Thursday, June 4, 2015

A Fight for Knowledge

In all the talk about the Muslim world and the tacit approval by some of more extremist elements, there is something missing – the intellectual and educational past of its decedents. When one considers the achievements made by Muslims, it is a shocking concept that one group proclaiming the tenets of Islam, the Shabab militants in Kenya, should target teachers and children to shut down schools. Yet, this is what the people of Kenya are facing. Sadly, and not just Kenya, centers of education are being attacked under the unfounded idea that somehow such things are against God.

Muhammad, he who founded the Islamic faith, was a worldly man. He had traveled throughout the region with his uncle, a merchant.
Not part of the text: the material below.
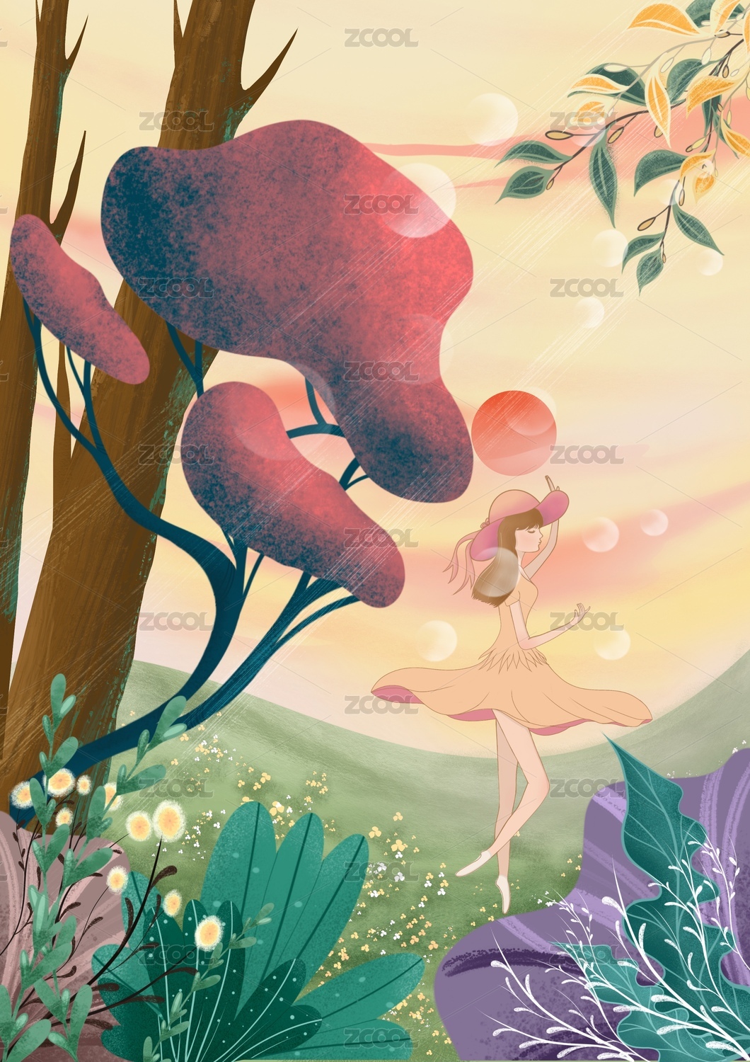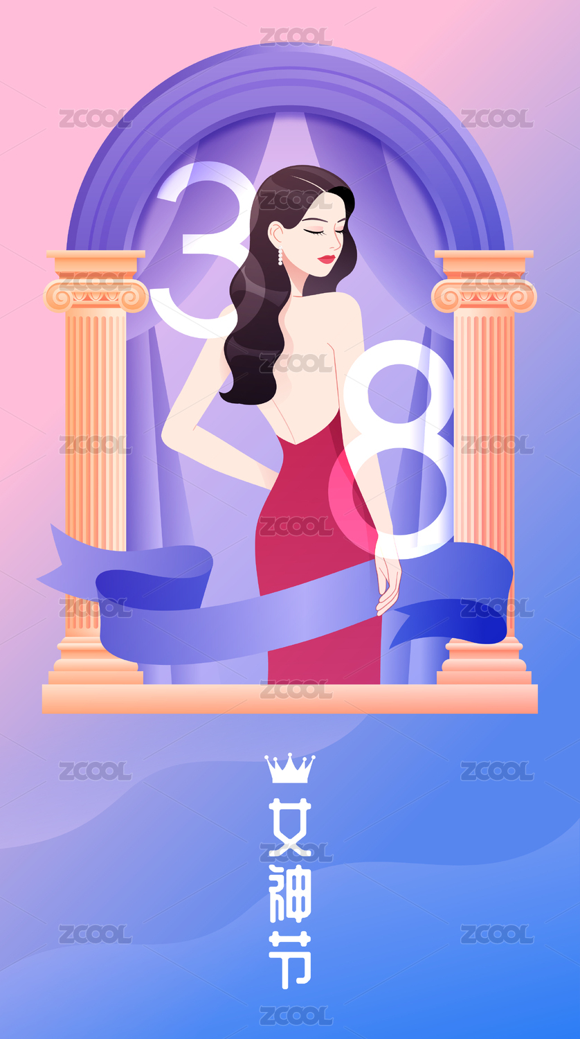 女神節(jié)穿著禮服的美女和歐式拱門插畫

He knew of other people and indeed, his knowledge of other people and their culture helped in the spread of his nascent faith. From the very beginning, a practical and worldly education propelled Islam forward, into the world of the peripatetic arena of the Bedouin, into the ancient lands of the Fertile Crescent to the dusty lands of North Africa and into the Iberian Peninsula. It latched on to other, older cultures, absorbing its history and knowledge and in doing so, spreading the faith and expanding its borders into Persia and India.

Early Muslim scholars rescued the works of the Romans and Greeks, preserving them for generations to come at a time when the Europeans had denigrated into barbarism. Such intellectual achievements were also seen with early mathematicians such as Muhammad ibn Musa Al-Khwarizmi, scientists such as Abu Nasr al-Farabi and Thabit ibn Qurra, historians like Ibn Battuta and Ibn Khaldun, philosophers such as Ibn Sina (Avicenna) and Ibn Rushd (Averroes) and physicians like Ibn Al-Baitar and Ibn Zuhr.

We now move forward nearly millennia, where thugs in the name of Allah are attacking schools and killing teachers and students.  It is a level and focus of violence that can only be described as a type of mass psychosis.  Those who encourage and facilitate education in the Muslim world or Dar al-Salam are fighting an uphill battle.  On some level, this has to be a low point from which Muslim culture must rebound and take, once more, its place among the world’s great intellectual centers.  It has universities and scholars but few whose voice extends throughout the region and beyond.

As for Kenyan schoolchildren and teachers, Shabab is wreaking havoc as teachers are fearful to resume their duties and soon-to-be graduating students have little to no instruction for their preparation with exams.  These exams are vital for their placement in universities.  Especially in the northeast, with its proximity to Somalia (the home territory of the Shabab), officials in Nairobi are concerned for the future of the region.  The terrorist attack at the university in Garissa last year as well as the attack on a bus load of mostly teachers heading home for Christmas has brought the idea of education to the fore. 


County governments have little desirable options in trying to answer the needs of their students and Nairobi searches for answers that are more affordable than placing armed units of soldiers at every school and school function.  Of course, other countries could offer help but the African Union has a role to play here if it can agree to a course of action.  Nairobi might say that it is unwilling to have outsiders play the role of driving out other outsiders but if it cannot come up with its own answers, what is the alternative?